Engineer of blockchain quality: We always have a quality assurance engineer on hand in a development setting to do tests and ensure everything is up to snuff. A blockchain engineer performs a similar function in the blockchain space by ensuring that all activities in the blockchain development environment are of the highest quality. They carry out the tasks of testing and automating blockchain frameworks. Because even a little error impacts everyone utilising their technology, these people need to have a third eye when paying attention to detail. Maintaining positive connections at work also requires exceptional communication skills.
Consultant in blockchain law: Unavoidably, legal questions emerge when businesses attempt to get their heads around integrating blockchain technology. As businesses begin to use this cutting-edge innovation, they are also seeking the advice of legal professionals about the factors they should take into account. They ponder the potential outcomes of various courses of action, seek advice on managing their finances, and struggle to rein in their own identities.
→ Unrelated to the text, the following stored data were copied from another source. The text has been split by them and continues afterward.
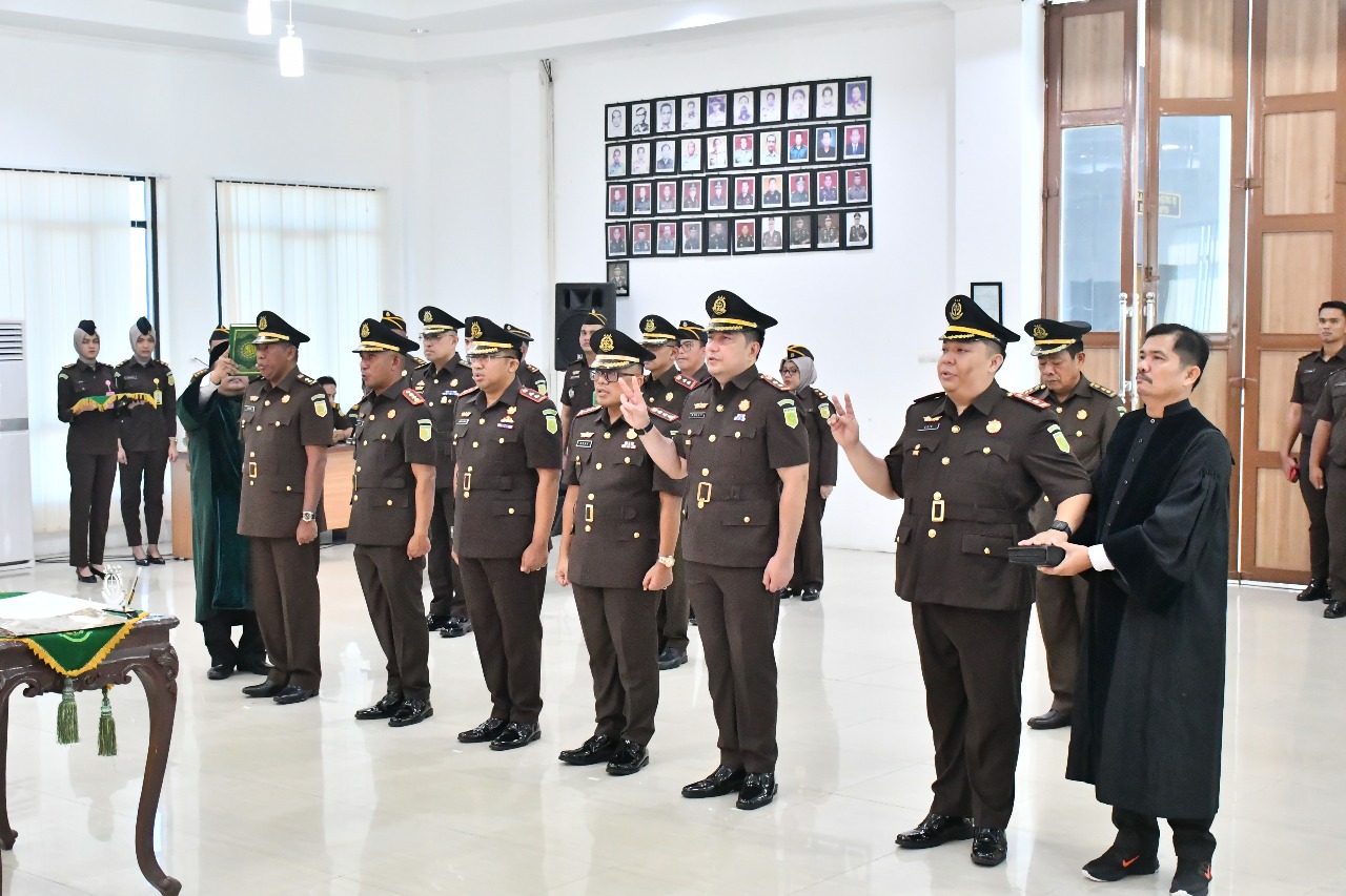 Jambi – Dalam rangka meningkatkan kinerja dan penyegaran dalam organisasi, Kepala Kejaksaan Tinggi (Kajati) Jambi Dr. Hermon Dekristo,SH.,MH mengambil sumpah dan melantik 6 (enam) Pejabat Eselon III dilingkungan Kejaksaan Tinggi Jambi, Senin (28/07/2025) bertempat di Aula Jaksa Agung R. Soeprapto Kejati Jambi.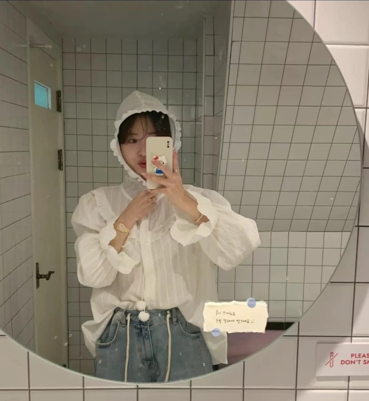 这款蕾丝连帽衬衫,采用纯净的白色为底色,领口的蕾丝花边如同精致的蕾丝项圈,为整体造型增添了一份浪漫与甜美。帽子的荷叶边设计,为整体造型增添了一份俏皮与灵动,让你轻松拿捏法式的浪漫风情。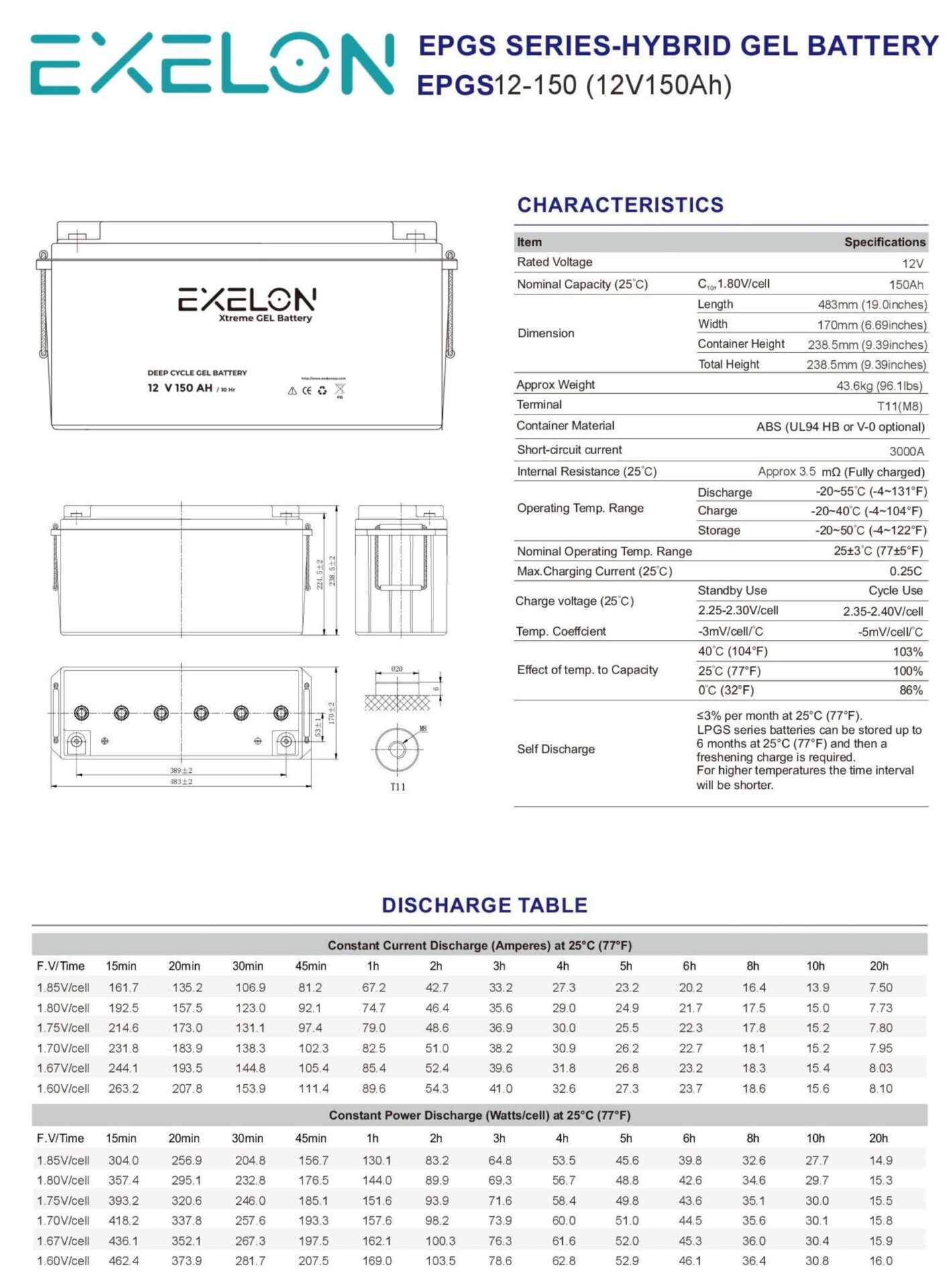 EXE-12 V 150 AH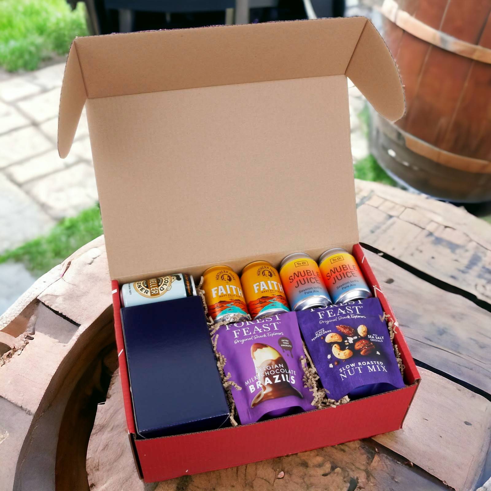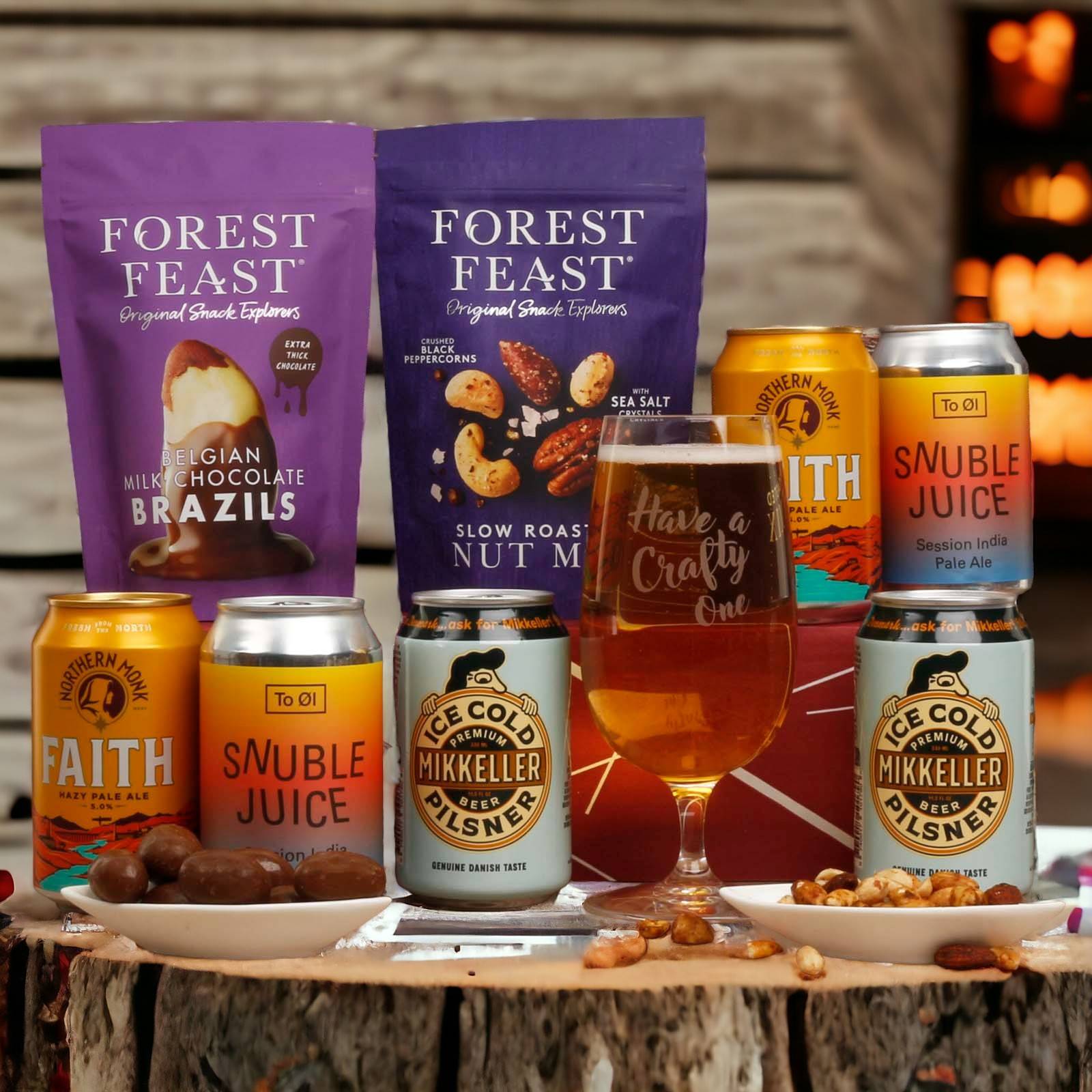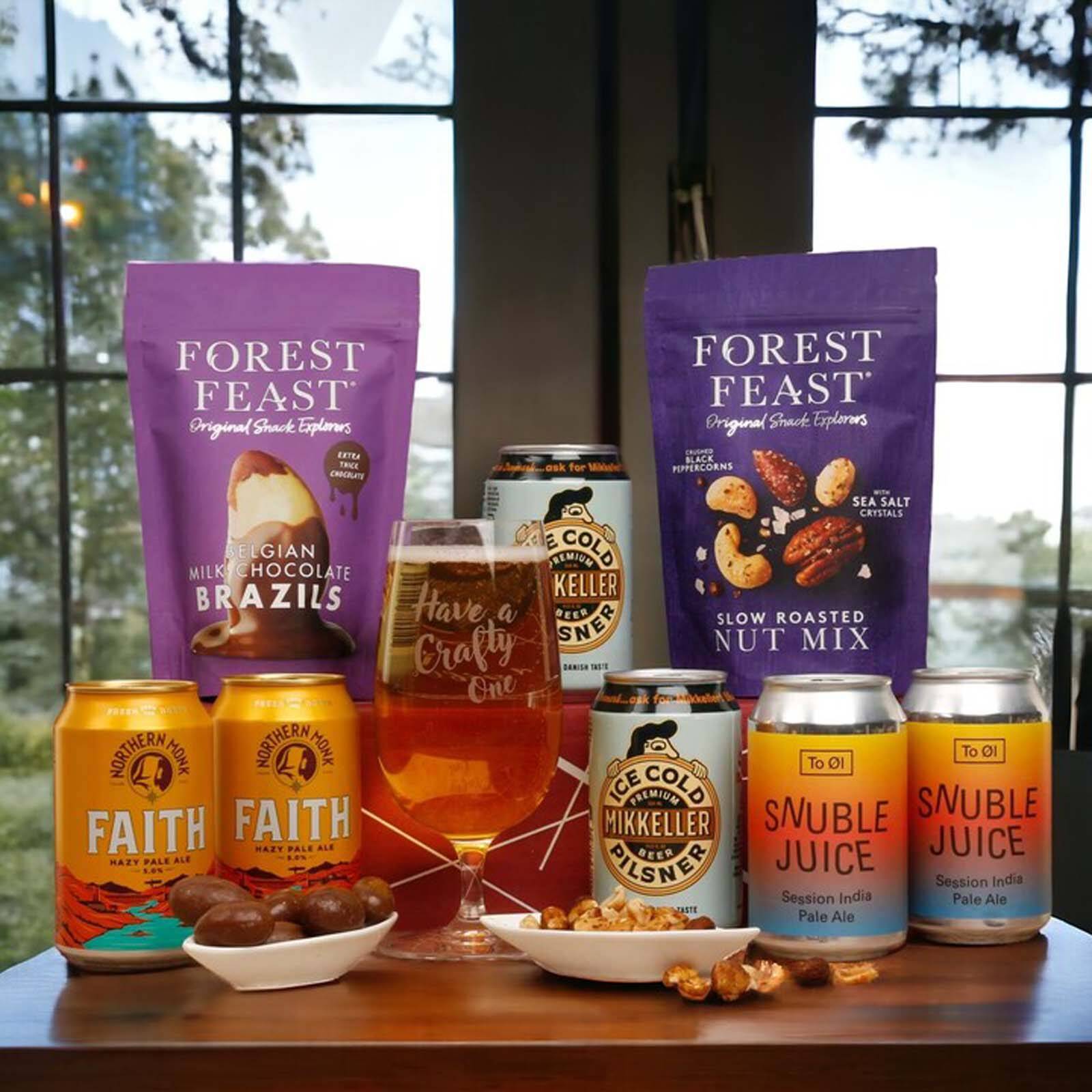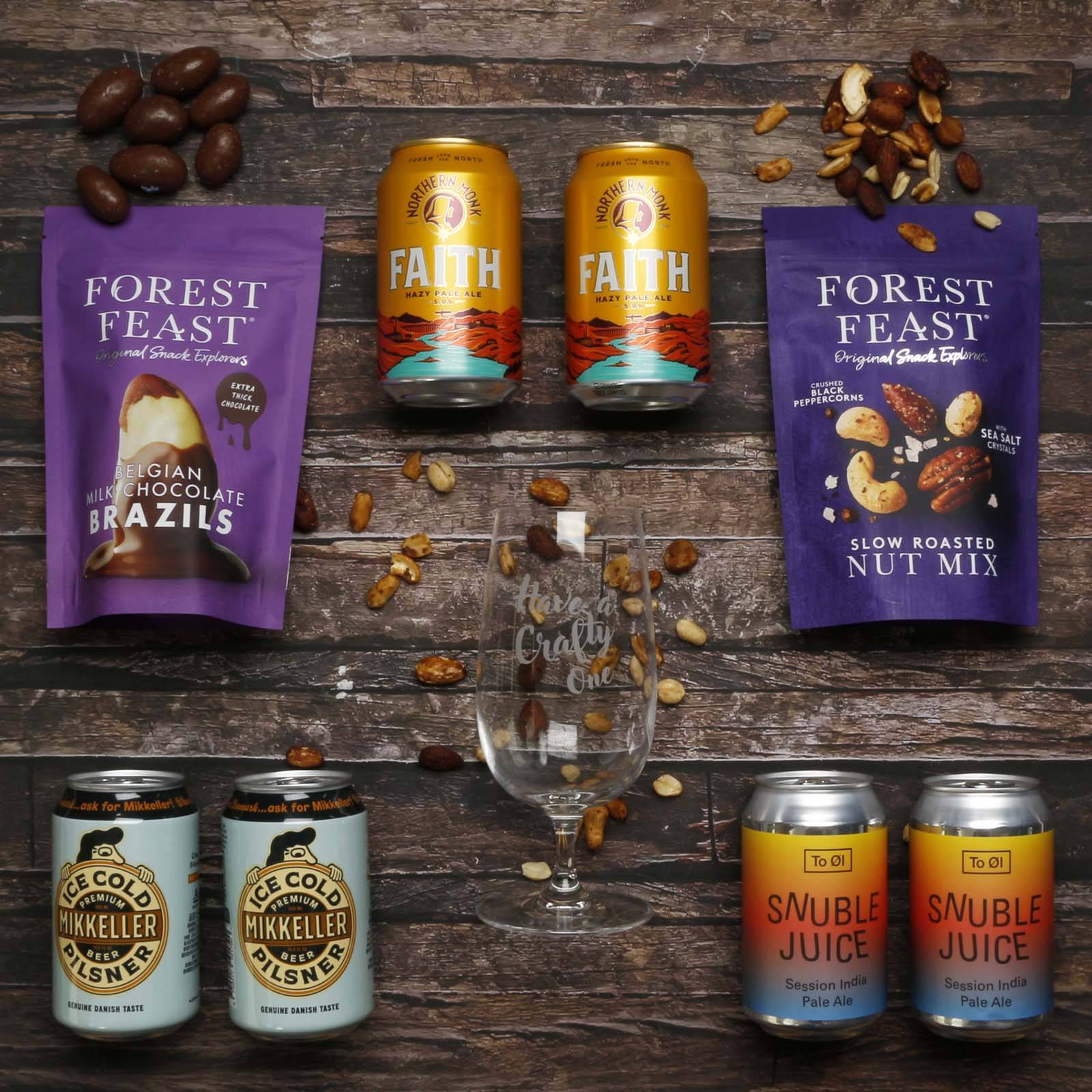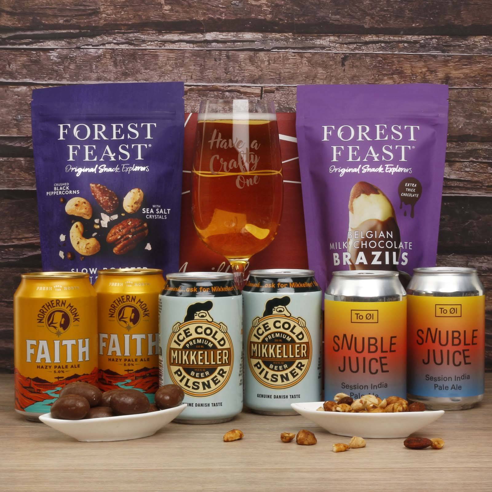 We've included everything in this craft beer hamper for a perfect night in: distinguished beers, tasty snacks and even home entertainment.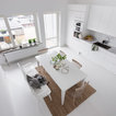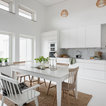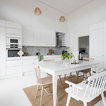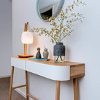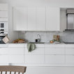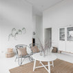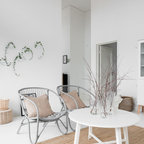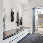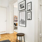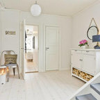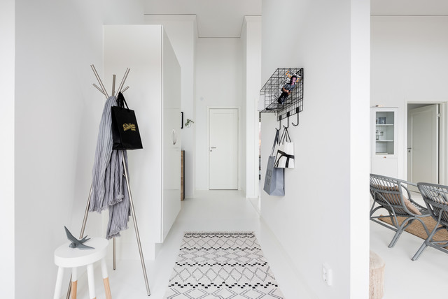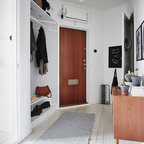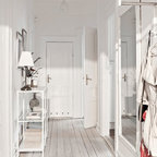 Idéer för nordiska hallar, med vita väggar, en enkeldörr, målat trägolv, en vit dörr och vitt golv — Houzz

For someone in this position, fluency in English is crucial. Since blockchain is a decentralised network, you need to also be well-versed in international legislation. For the same reason, it’s recommended that students learn as many global languages as possible.
Blockchain is now gaining recognition, in no small part due to Bitcoin and other cryptocurrencies, with numerous real-world uses for the technology already deployed and researched. Blockchain, a term on the lips of every investor in the country, has the potential to improve company and government processes while cutting costs and streamlining the supply chain.